LangChain4j integration for Chroma embedding store enabling storage, retrieval, and similarity search of vector embeddings with metadata filtering support for both API V1 and V2.
Implementing semantic search using ChromaEmbeddingStore.
Semantic search finds content by meaning, not just keywords. It uses vector embeddings to capture semantic similarity.

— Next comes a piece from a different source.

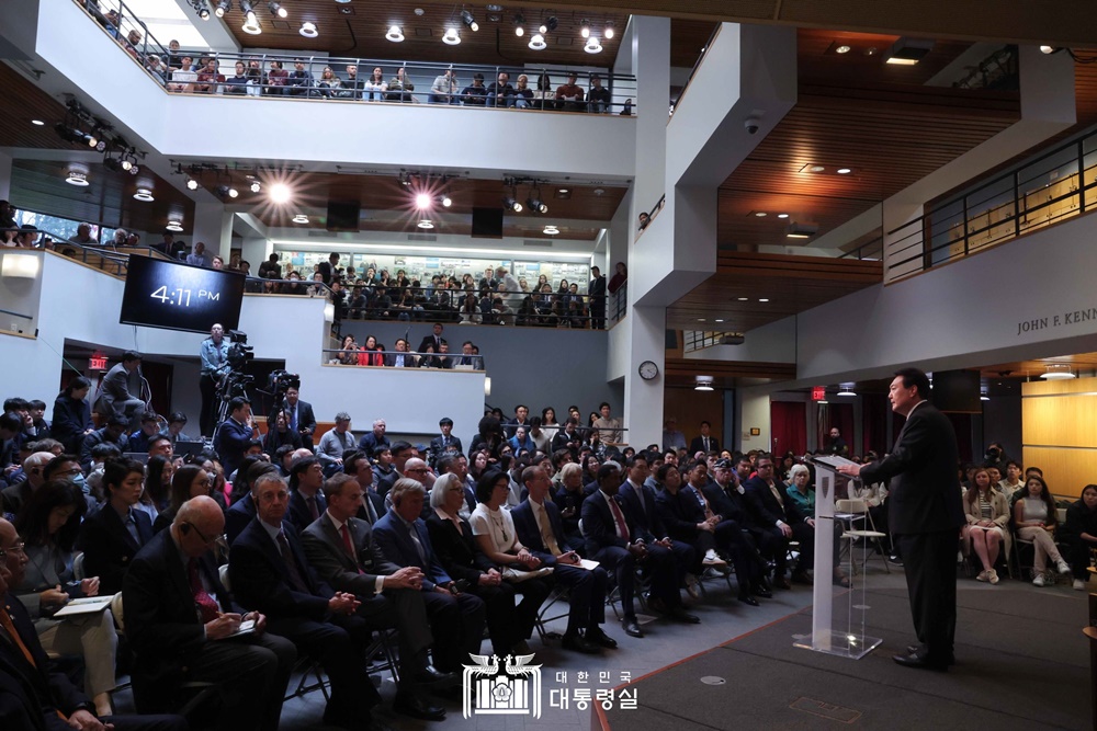 조국의 독립과 미래를 꿈꾸며 공부했던 이곳 하버드 대학교에서 대한민국의 제20대 대통령으로서 연설하게 돼서

Traditional keyword search:
Semantic search:
import dev.langchain4j.model.embedding.EmbeddingModel;
import dev.langchain4j.model.embedding.AllMiniLmL6V2EmbeddingModel;
EmbeddingModel embeddingModel = new AllMiniLmL6V2EmbeddingModel();
ChromaEmbeddingStore store = ChromaEmbeddingStore.builder()
.baseUrl("http://localhost:8000")
.collectionName("documents")
.build();List<String> documents = Arrays.asList(
"Artificial intelligence is transforming technology",
"Machine learning models learn from data patterns",
"Neural networks mimic human brain structure",
"Python is a popular programming language",
"Java is used for enterprise applications"
);
List<Embedding> embeddings = documents.stream()
.map(doc -> embeddingModel.embed(doc).content())
.collect(Collectors.toList());
List<TextSegment> segments = documents.stream()
.map(TextSegment::from)
.collect(Collectors.toList());
store.addAll(embeddings, segments);String query = "What is deep learning?";
Embedding queryEmbedding = embeddingModel.embed(query).content();
EmbeddingSearchRequest request = EmbeddingSearchRequest.builder()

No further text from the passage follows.